** Data to examine follows **

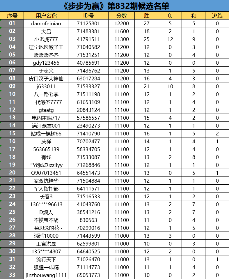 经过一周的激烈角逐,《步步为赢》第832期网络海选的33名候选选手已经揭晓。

** End of Data to examine **
** Data to examine follows **

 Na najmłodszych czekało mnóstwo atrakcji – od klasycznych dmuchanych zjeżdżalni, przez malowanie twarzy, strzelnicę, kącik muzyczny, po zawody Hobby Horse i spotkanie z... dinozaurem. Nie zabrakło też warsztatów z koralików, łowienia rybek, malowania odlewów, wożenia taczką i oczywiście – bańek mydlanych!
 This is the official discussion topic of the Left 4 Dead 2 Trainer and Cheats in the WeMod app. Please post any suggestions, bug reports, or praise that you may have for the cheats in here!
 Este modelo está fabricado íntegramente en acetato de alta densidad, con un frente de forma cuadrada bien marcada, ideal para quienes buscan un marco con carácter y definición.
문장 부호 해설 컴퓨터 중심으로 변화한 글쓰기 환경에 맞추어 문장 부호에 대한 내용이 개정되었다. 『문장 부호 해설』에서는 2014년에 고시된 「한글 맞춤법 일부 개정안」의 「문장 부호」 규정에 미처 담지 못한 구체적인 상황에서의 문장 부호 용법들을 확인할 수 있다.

** End of Data to examine **
** Data to examine follows **

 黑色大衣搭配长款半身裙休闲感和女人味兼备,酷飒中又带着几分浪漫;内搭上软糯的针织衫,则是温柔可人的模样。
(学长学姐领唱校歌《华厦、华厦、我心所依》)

** End of Data to examine **

Problem to work on: Going down the listing above, begin printing at the line with "This is the" and finish with the line with "문장 부호 해설 컴퓨터", exactly as they appear.

Written response:
 This is the official discussion topic of the Left 4 Dead 2 Trainer and Cheats in the WeMod app. Please post any suggestions, bug reports, or praise that you may have for the cheats in here!
 Este modelo está fabricado íntegramente en acetato de alta densidad, con un frente de forma cuadrada bien marcada, ideal para quienes buscan un marco con carácter y definición.
문장 부호 해설 컴퓨터 중심으로 변화한 글쓰기 환경에 맞추어 문장 부호에 대한 내용이 개정되었다. 『문장 부호 해설』에서는 2014년에 고시된 「한글 맞춤법 일부 개정안」의 「문장 부호」 규정에 미처 담지 못한 구체적인 상황에서의 문장 부호 용법들을 확인할 수 있다.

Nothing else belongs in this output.